• _GOAL OF THE EXERCISE_
Transcribe all of the data exactly. Images stay out.

• _Extracted records_

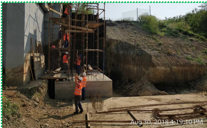
Montare armatură zid de sprijin Z-1
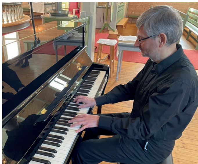
Det nye konsertpianoet i Dale kyrkje.
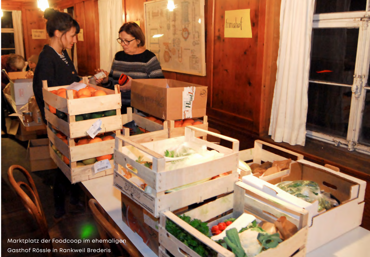
Marktplatz der Foodcoop im ehemaligen Gasthof Rössle in Rankweil Brederis
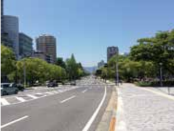
15 鶴見橋西詰付近から見た平和大通り
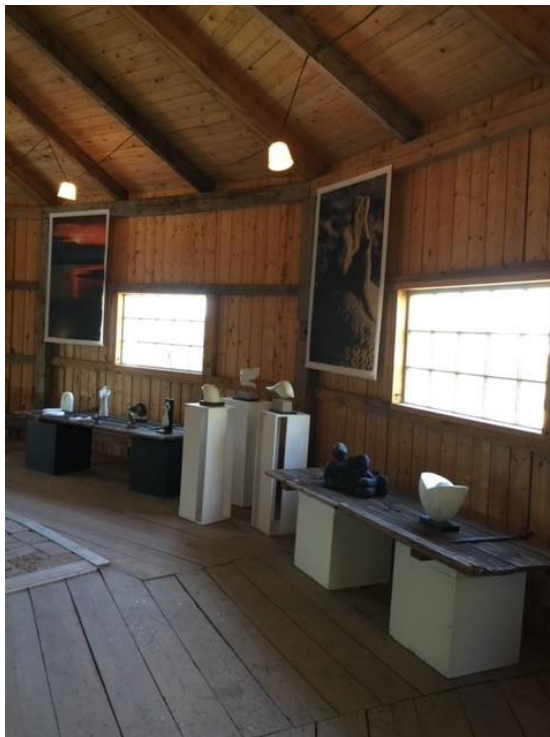
Skulturutsällningen hölls i den intilliggande masugnen.

• _YOUR RESPONSE_
Montare armatură zid de sprijin Z-1
Det nye konsertpianoet i Dale kyrkje.
Marktplatz der Foodcoop im ehemaligen Gasthof Rössle in Rankweil Brederis
15 鶴見橋西詰付近から見た平和大通り
Skulturutsällningen hölls i den intilliggande masugnen.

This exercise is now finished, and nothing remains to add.